» What to do
What is needed is an exact copy of every line from the one containing "A RUSSIAN BISQUE" through the end of the entries; please set it down without any pictures.

═══ Entries shown

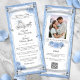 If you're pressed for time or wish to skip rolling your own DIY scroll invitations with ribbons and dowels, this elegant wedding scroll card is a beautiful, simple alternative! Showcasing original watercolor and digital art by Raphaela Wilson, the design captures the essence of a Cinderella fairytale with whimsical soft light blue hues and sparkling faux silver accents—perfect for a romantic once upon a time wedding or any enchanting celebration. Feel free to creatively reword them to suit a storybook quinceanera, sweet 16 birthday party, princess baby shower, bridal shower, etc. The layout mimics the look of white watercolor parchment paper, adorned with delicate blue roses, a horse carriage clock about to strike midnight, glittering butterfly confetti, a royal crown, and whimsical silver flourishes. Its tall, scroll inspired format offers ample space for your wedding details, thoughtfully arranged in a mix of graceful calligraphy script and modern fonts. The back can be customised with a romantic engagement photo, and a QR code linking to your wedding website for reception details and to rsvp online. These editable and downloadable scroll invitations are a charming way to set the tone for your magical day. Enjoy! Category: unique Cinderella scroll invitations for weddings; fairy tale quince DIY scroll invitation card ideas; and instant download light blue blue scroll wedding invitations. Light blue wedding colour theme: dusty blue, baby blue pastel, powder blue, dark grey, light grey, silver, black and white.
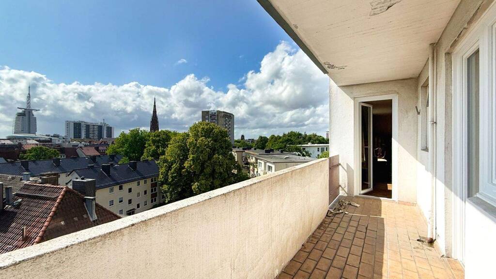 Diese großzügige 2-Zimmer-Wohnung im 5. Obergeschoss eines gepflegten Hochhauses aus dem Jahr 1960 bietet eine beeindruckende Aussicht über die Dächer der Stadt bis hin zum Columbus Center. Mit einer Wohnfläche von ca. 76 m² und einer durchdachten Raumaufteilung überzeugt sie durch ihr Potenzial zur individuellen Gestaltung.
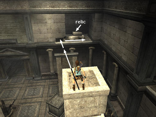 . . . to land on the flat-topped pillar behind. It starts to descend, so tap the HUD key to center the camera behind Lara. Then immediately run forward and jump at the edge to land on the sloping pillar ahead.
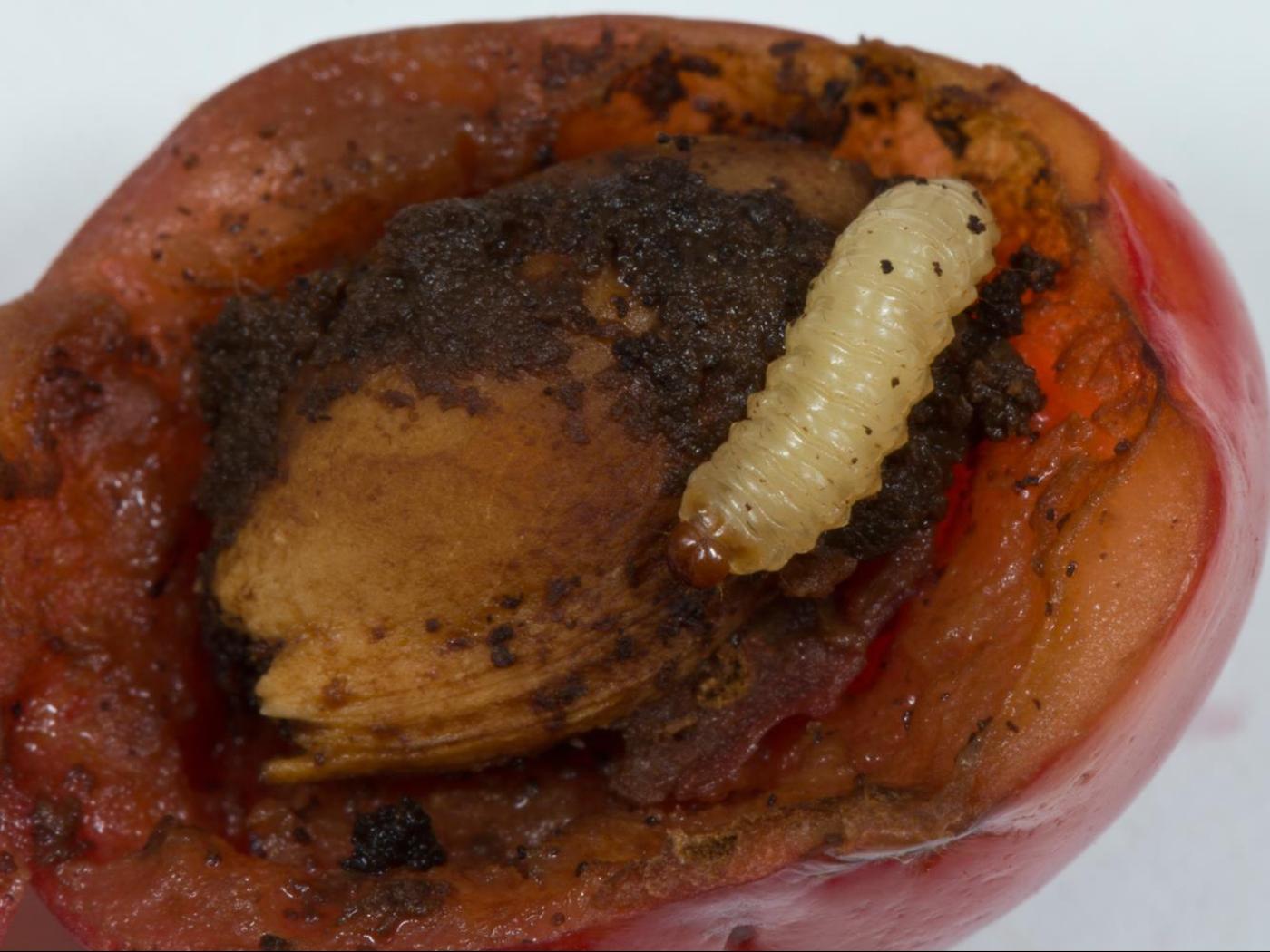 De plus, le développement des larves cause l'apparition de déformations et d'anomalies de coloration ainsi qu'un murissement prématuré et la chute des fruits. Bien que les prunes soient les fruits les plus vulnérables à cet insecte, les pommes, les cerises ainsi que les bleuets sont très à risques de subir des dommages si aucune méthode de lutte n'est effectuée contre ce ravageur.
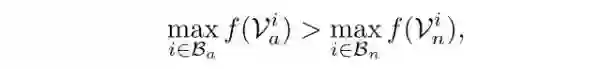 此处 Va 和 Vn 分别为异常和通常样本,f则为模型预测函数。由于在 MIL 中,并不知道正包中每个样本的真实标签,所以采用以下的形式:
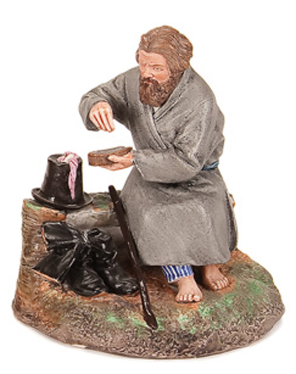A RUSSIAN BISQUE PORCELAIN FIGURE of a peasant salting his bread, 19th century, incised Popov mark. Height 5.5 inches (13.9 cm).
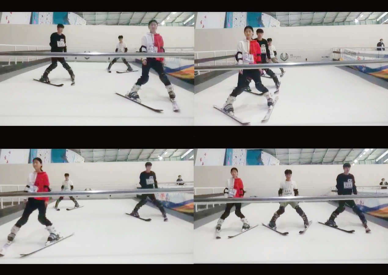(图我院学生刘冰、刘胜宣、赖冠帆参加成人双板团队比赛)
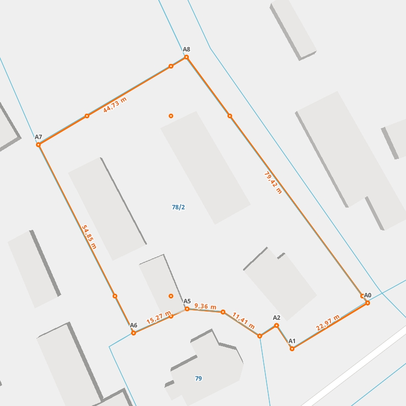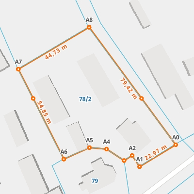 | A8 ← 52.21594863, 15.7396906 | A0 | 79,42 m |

══════

» Response to this task
A RUSSIAN BISQUE PORCELAIN FIGURE of a peasant salting his bread, 19th century, incised Popov mark. Height 5.5 inches (13.9 cm).
(图我院学生刘冰、刘胜宣、赖冠帆参加成人双板团队比赛)
 | A8 ← 52.21594863, 15.7396906 | A0 | 79,42 m |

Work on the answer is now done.